Каждая последующая революция в Европе создавала свой набор положительных и черных мифов. В годы Английской революции 1642–1660 годов прежнюю королевскую власть объявляли чуть ли не демонической: и распутная она, и расточительная, и злобная, и о народе не заботится. Опирается на жителей самых отдаленных, глухих районов, боится умных людей.

О самих же себе революционеры сочинили немало положительных мифов: искренне и глубоко верующие, честные необычайно и добрые к тому же – от земли, представители народа.

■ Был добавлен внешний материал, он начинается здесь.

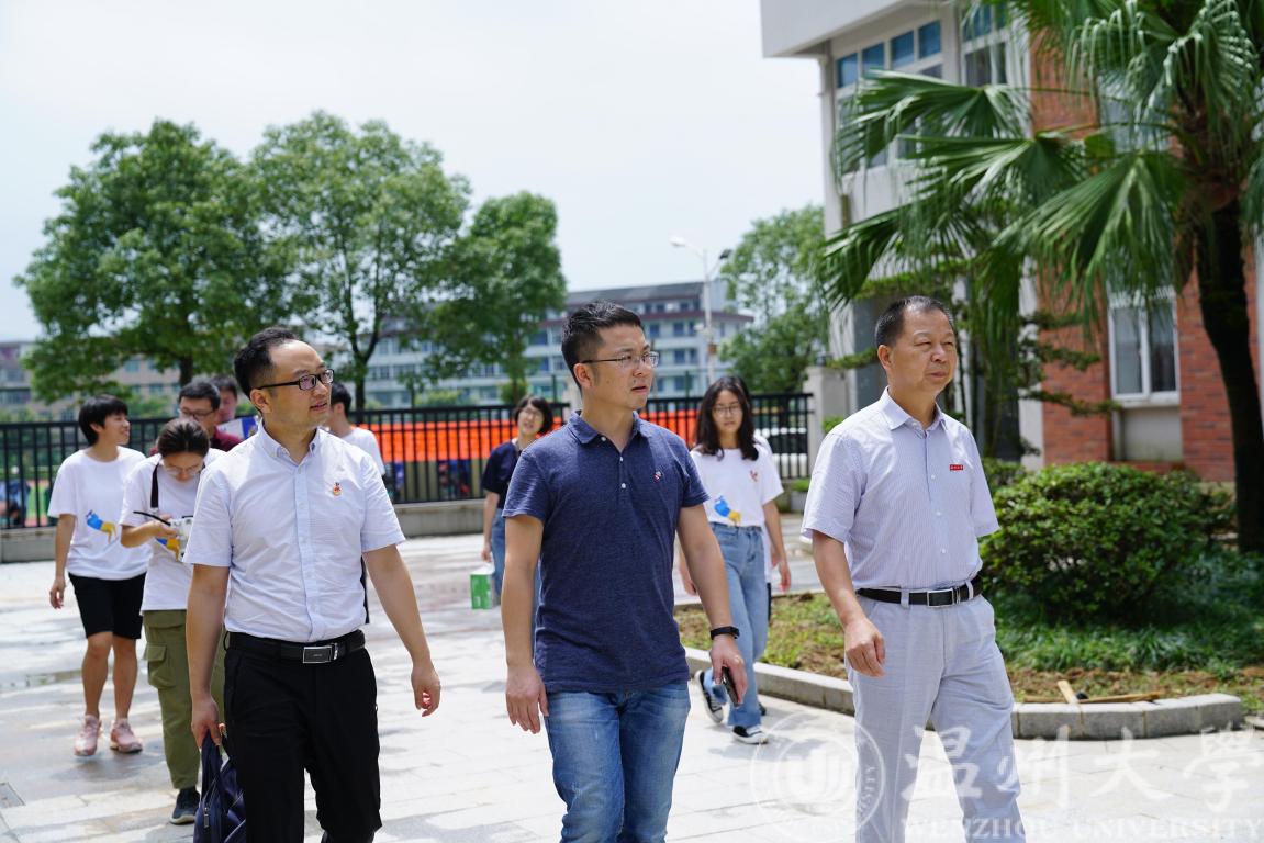 7月12日上午MG冰球突破官网网站党委委员、纪委书记吴金法在校团委副书记丁强、学院党委副书记曾蓓蕾等老师的陪同下来到MG冰球官网“童馨”暑期社会实践队在丽岙华侨小学的分队进行慰问,并给同学们带来慰问品。

Что же касается фактов, то каждая новая революционная власть на практике оказывалась куда более жестокой и менее народной, чем королевская. И даже менее демократической. При новом диктаторе Британии Кромвеле был введен имущественный ценз при выборе в местные органы самоуправления – муниципалитеты. Раньше избирать и быть избранным мог всякий, кто имел на этой территории хоть какую-то собственность. Теперь избирать своих представителей в органы местного самоуправления могли всего 20 % населения. А быть избранными – не более 5 %.

«Революционная демократия» откровенно держалась на штыках.

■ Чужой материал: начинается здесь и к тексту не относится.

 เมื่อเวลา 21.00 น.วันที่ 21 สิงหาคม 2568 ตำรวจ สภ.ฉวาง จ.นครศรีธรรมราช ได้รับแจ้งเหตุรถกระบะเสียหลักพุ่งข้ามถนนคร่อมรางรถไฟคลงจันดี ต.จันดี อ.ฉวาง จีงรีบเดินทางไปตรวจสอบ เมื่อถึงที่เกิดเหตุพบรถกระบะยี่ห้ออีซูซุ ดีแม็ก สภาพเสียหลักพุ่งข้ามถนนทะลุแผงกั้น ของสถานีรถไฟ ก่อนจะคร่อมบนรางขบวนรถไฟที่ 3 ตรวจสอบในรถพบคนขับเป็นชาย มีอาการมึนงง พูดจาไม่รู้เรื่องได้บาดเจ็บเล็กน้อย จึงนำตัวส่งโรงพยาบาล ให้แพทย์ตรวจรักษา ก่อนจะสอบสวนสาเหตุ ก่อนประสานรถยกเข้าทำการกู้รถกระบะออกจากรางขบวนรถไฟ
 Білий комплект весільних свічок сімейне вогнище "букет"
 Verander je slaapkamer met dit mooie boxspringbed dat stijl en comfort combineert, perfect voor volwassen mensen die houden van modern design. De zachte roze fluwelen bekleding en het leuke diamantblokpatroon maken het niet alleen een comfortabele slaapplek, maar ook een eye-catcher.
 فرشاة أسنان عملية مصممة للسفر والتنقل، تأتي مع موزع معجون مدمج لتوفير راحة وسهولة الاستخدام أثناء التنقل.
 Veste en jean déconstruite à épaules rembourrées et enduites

В свою очередь королевская «партия» создавала свои мифы. Они были ничуть не хуже революционных: об ангелах на троне и вокруг трона, о черных демонах, стремящихся их погубить. Отголоски этих мифов находим и у Дюма. Вспомните замечательную историю про то, как мушкетеры прячутся под помостом, где отрубают голову Карлу! Когда кровь короля капает сквозь доски на мушкетерские кружева, Атос хочет сохранить капли священной крови монарха для его сына, нашедшего «политическое убежище» во Франции.

В действительности английская буржуазная революция формально началась с того, что король Карл вошел в здание парламента, чтобы арестовать нескольких парламентариев, обвинявшихся в государственной измене. Короля сопровождали всего несколько солдат. Парламентарии воспользовались этим и выгнали короля… После этого им не оставалось ничего другого, как восстать и объявить себя правительством, иначе получалось, что, демонстративно надсмеявшись над монаршей волей, все они стали государственными преступниками. Кстати, именно с этого эпизода берет свое начало незыблемое правило британского государства, коему уже 400 лет: никогда нога монарха не смеет переступать порог палаты общин. Боюсь, исходя из исторического опыта, и сами монархи не очень-то стремились это делать.

Забавно, кстати, как этот факт соотносится с современными российскими традициями. Наш Президент тоже не очень жалует Государственную думу, в смысле старается не заглядывать туда без крайней необходимости.

Изначально как-то не было у нас любви между высшей законодательной и исполнительной властями, а после ельцинского расстрела из танков как бы мятежного российского парламента в октябре 1993 года – тем более.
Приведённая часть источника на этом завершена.